RECORD EXCERPTS:
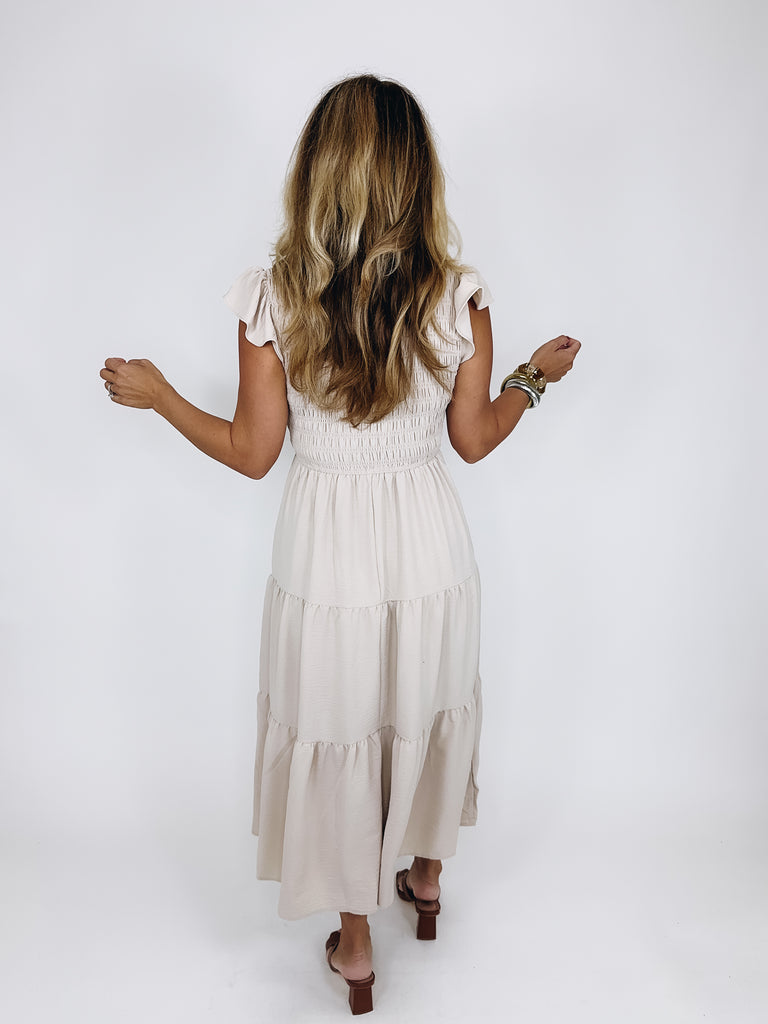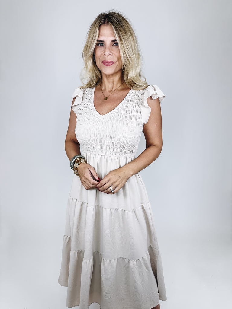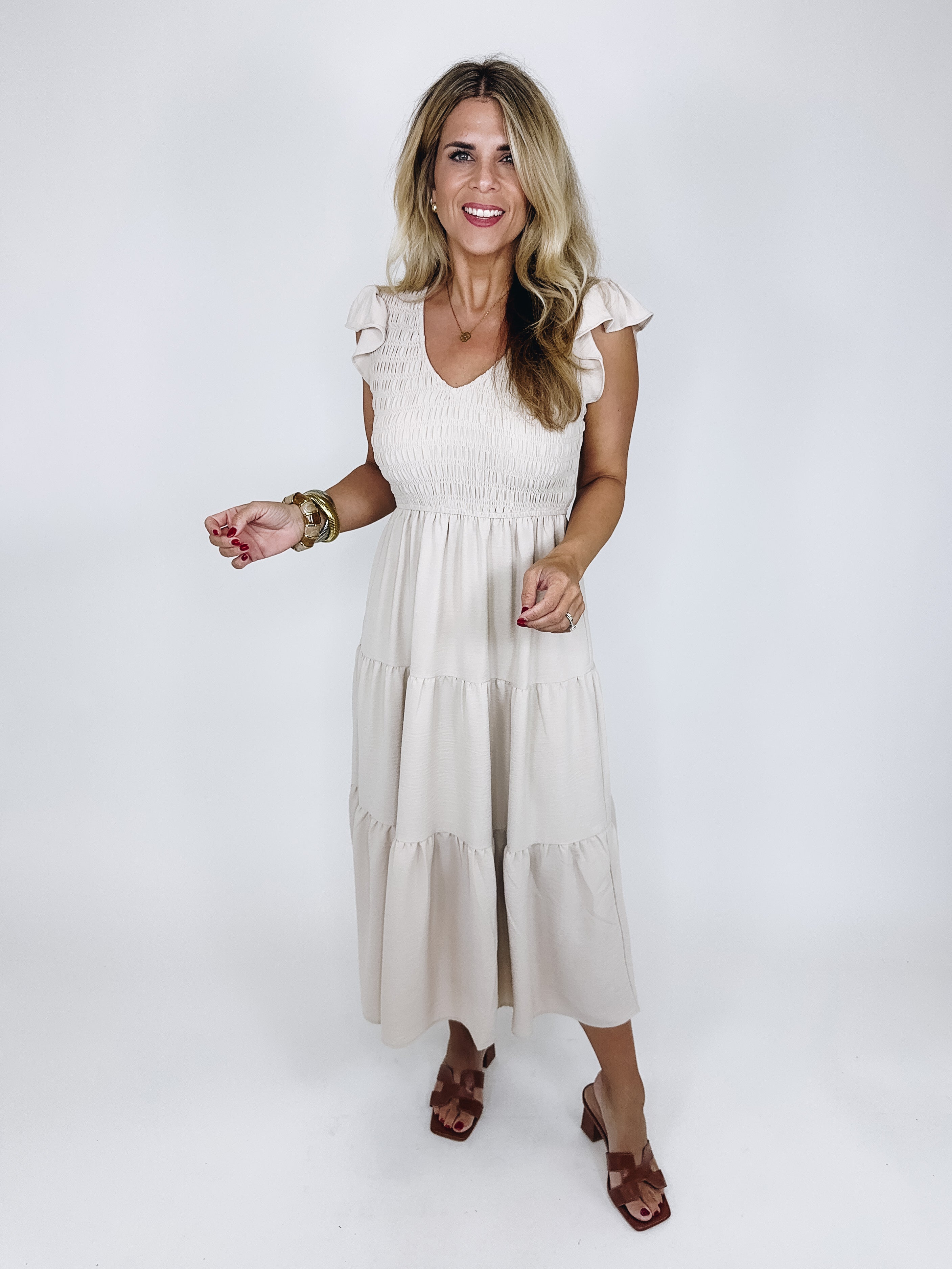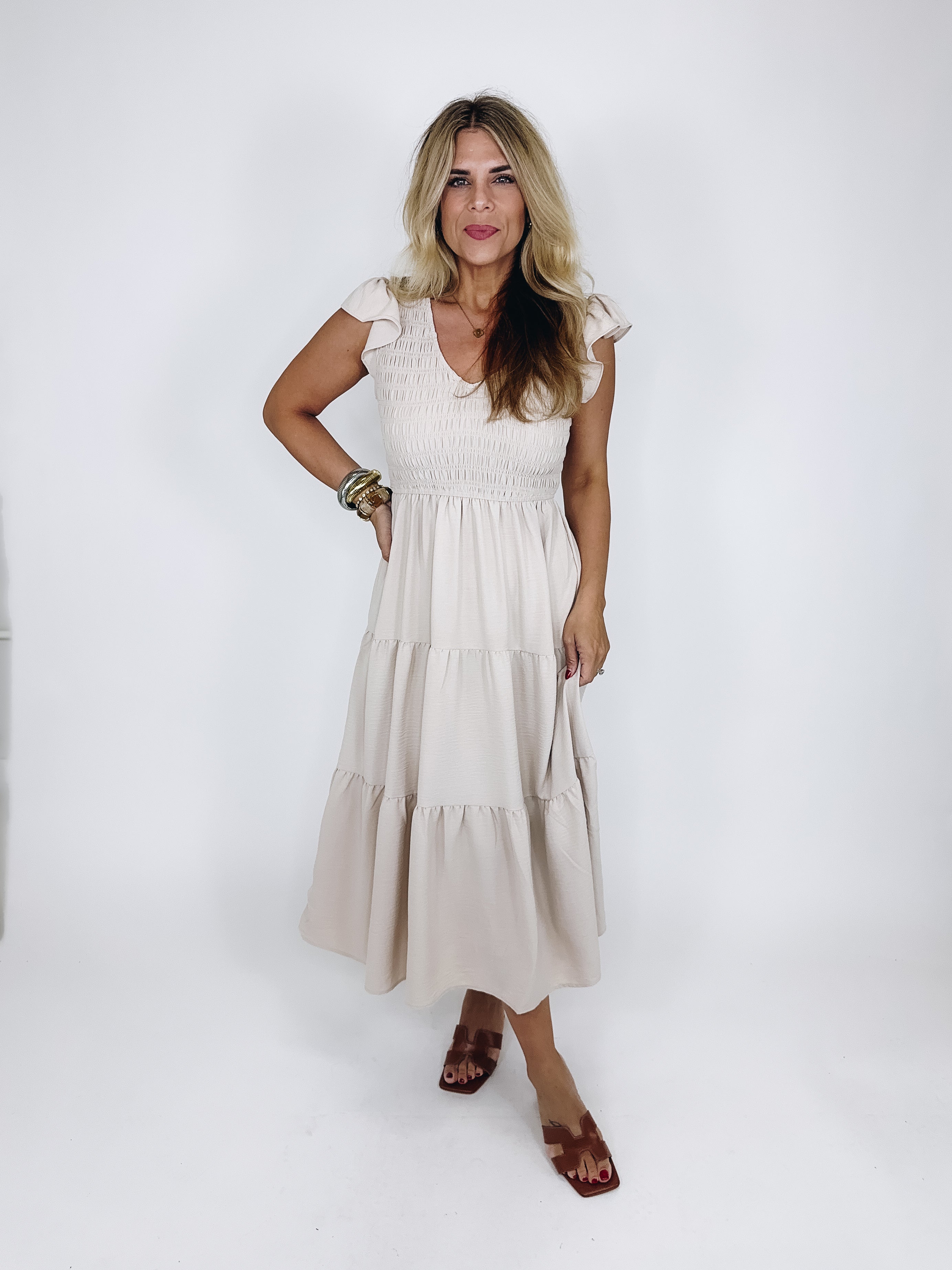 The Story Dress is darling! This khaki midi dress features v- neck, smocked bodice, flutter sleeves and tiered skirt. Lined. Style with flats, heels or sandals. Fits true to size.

* * *

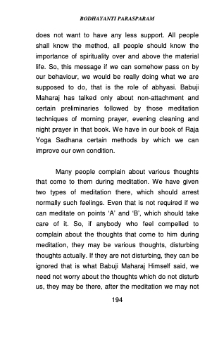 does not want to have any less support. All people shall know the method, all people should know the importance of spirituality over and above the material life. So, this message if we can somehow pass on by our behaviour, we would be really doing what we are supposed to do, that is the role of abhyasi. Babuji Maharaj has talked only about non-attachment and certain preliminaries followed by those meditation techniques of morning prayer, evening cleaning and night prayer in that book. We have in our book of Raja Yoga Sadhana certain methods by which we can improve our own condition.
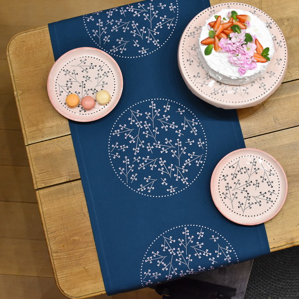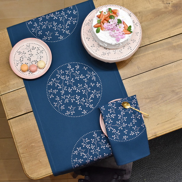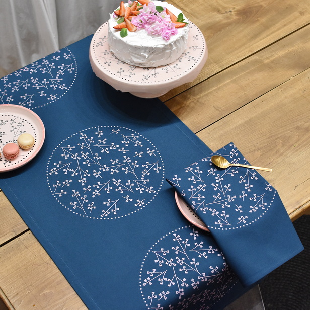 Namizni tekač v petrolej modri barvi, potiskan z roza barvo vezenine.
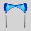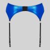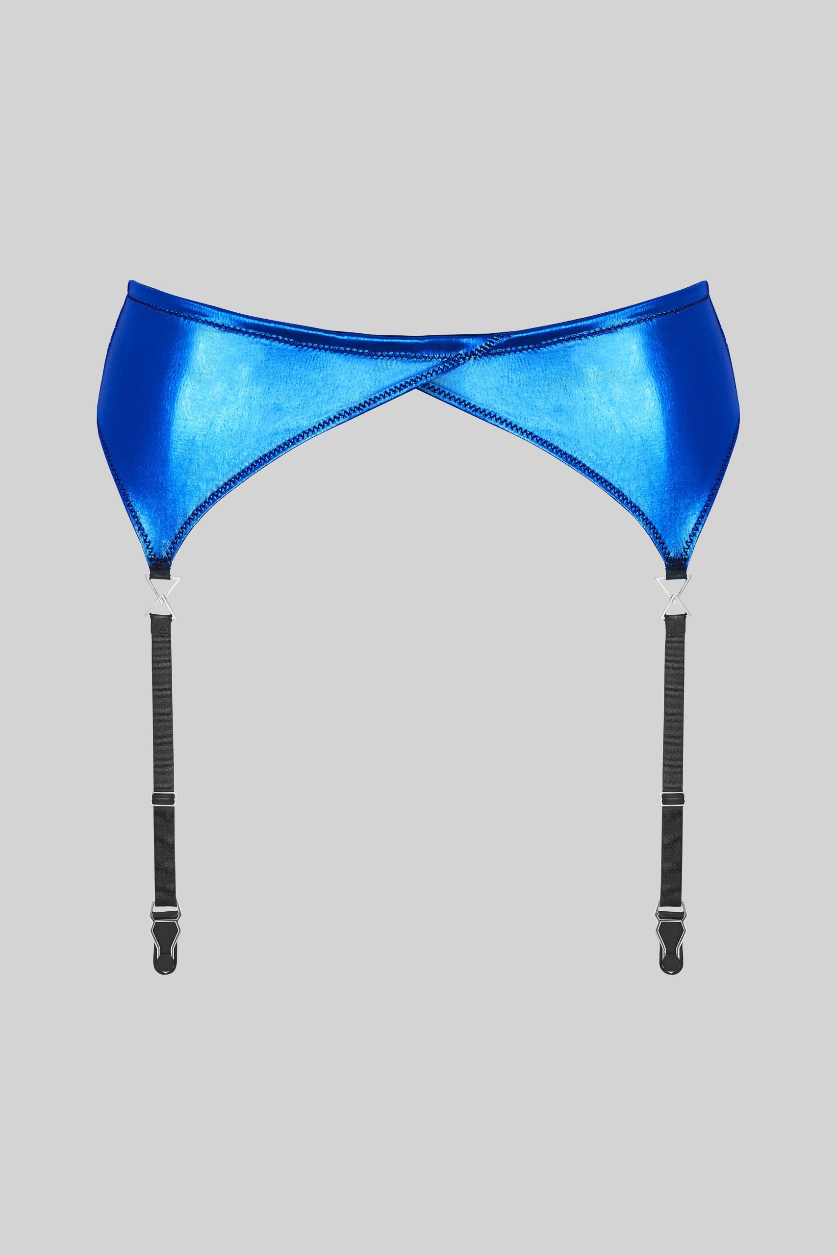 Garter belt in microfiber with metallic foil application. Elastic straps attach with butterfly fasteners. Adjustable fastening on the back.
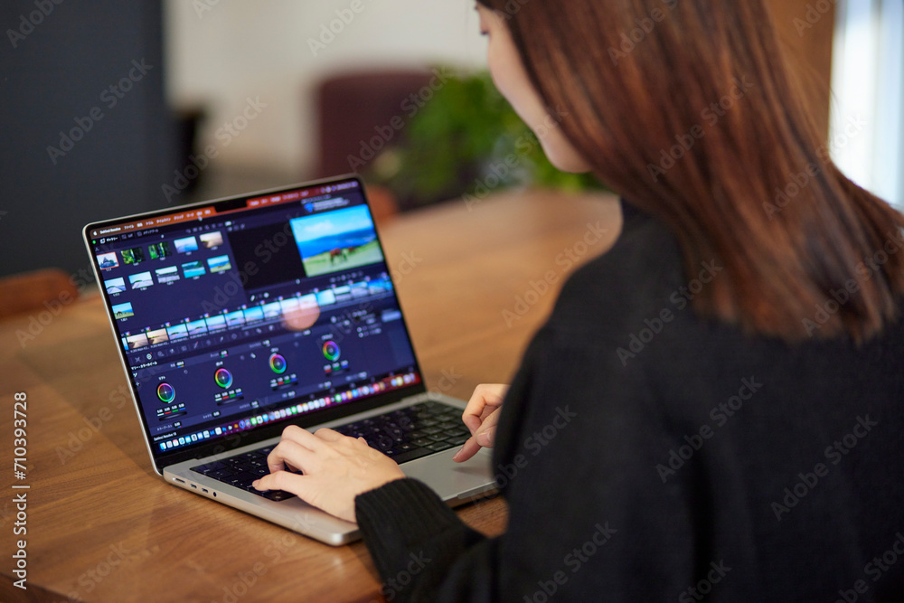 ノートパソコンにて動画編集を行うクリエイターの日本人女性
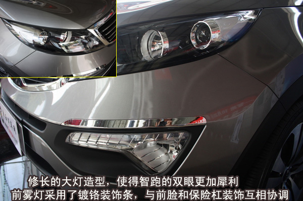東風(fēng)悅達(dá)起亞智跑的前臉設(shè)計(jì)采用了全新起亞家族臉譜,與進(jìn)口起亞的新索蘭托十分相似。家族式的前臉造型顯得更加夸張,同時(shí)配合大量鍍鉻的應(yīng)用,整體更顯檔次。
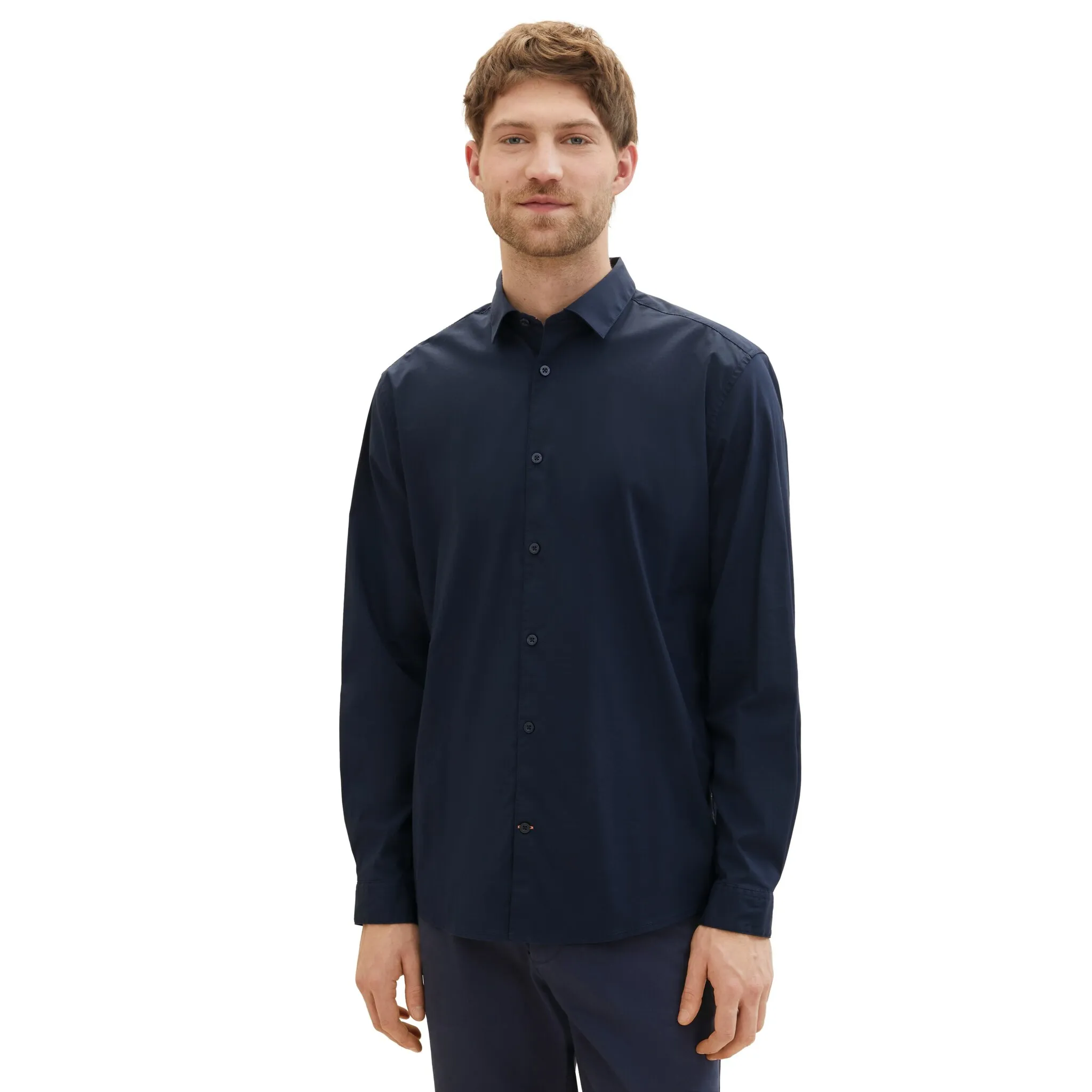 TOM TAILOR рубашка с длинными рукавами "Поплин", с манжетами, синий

TASK TO CARRY OUT:
Give back exactly the lines of the listing above from the one that contains "ノートパソコンにて動画編集を行うクリエイターの日本人女性" up to and including the one that contains "TOM TAILOR рубашка", but not the pictures, and no other lines.

RESPONSE TO THIS EXERCISE:
 ノートパソコンにて動画編集を行うクリエイターの日本人女性
東風(fēng)悅達(dá)起亞智跑的前臉設(shè)計(jì)采用了全新起亞家族臉譜,與進(jìn)口起亞的新索蘭托十分相似。家族式的前臉造型顯得更加夸張,同時(shí)配合大量鍍鉻的應(yīng)用,整體更顯檔次。
 TOM TAILOR рубашка с длинными рукавами "Поплин", с манжетами, синий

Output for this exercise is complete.